🔥🔥🔥Bitcoin breaks 112,000, who is driving the 2.22 trillion market value behind it?
On the morning of July 10, the cryptocurrency market welcomed a historic moment. Bitcoin's price suddenly surged, showing a strong upward trend, successfully breaking through the previous high of $111,999 set on May 22, and setting a new historical high of nearly $112,000 per coin, with a daily increase of nearly 3%. This groundbreaking rise caused Bitcoin's market value to climb to nearly $2.22 trillion, with a cumulative increase of 19% since the beginning of the year.
The soaring price of Bitcoin triggered a dramatic reaction in the market. Within an hour of the rapid price increase, more than $200 million in short positions were liquidated. Spencer Harlan, head of global over-the-counter trading at cryptocurrency investment firm GSR, pointed out that the strong demand for financial market instruments such as exchange-traded funds (ETFs) and digital asset government bonds supported the continued buying of Bitcoin. As Bitcoin broke through the key price point, bullish contracts expiring at the end of July on the cryptocurrency derivatives exchange Deribit showed that the market had a strong interest in strike prices of $115,000 and $120,000, indicating that the market is still full of expectations for Bitcoin's subsequent upward space.
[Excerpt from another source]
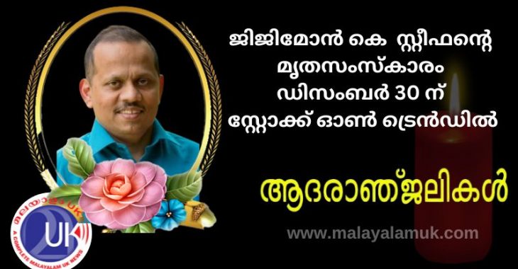 സ്റ്റോക്ക് ഓൺ ട്രെൻഡിൽ നിര്യാതനായ ജിജിമോൻ കെ. സ്റ്റീഫൻ (ജിജി) ൻ്റെ ശുശ്രൂഷകൾ , 2025 ഡിസംബർ 30 ചൊവ്വാഴ്ച രാവിലെ 8.00 ന് ഇംഗ്ലണ്ടിലെ സ്റ്റോക്ക്-ഓൺ-ട്രെന്റിലെ ബഴ്‌സ്ലം ഹാൾ സ്ട്രീറ്റിലുള്ള സെന്റ് ജോസഫ്സ് ആർ.സി. ചർച്ചിൽ (ST6 4BB) നടക്കും. തുടർന്ന് ഉച്ചയ്ക്ക് 12.30 ന് സ്റ്റോക്ക് (ഹാർട്ട്ഷിൽ) സെമിത്തേരിയിൽ മൃതസംസ്കാരം നടത്തും.

From a more macro perspective, Bitcoin's new high this time is not an isolated event. Recently, risk assets have generally rebounded, with a strong rally led by tech stocks such as Nvidia driving up market speculation. Although U.S. President Trump issued a new tariff announcement, it did not deter traders' risk appetite, and Bitcoin's rise was achieved in such a macro environment. In addition, unlike previous rounds that mainly relied on retail investors, the current round of Bitcoin's rise is backed by continuous inflow of institutional funds, making this demand model more stable compared to the speculative buying in history. Adam Guren, Chief Investment Officer of Hunting Hill, stated that Bitcoin breaking $112,000 reflects the combined effect of ETF fund inflows, rising institutional adoption, and a favorable macro environment.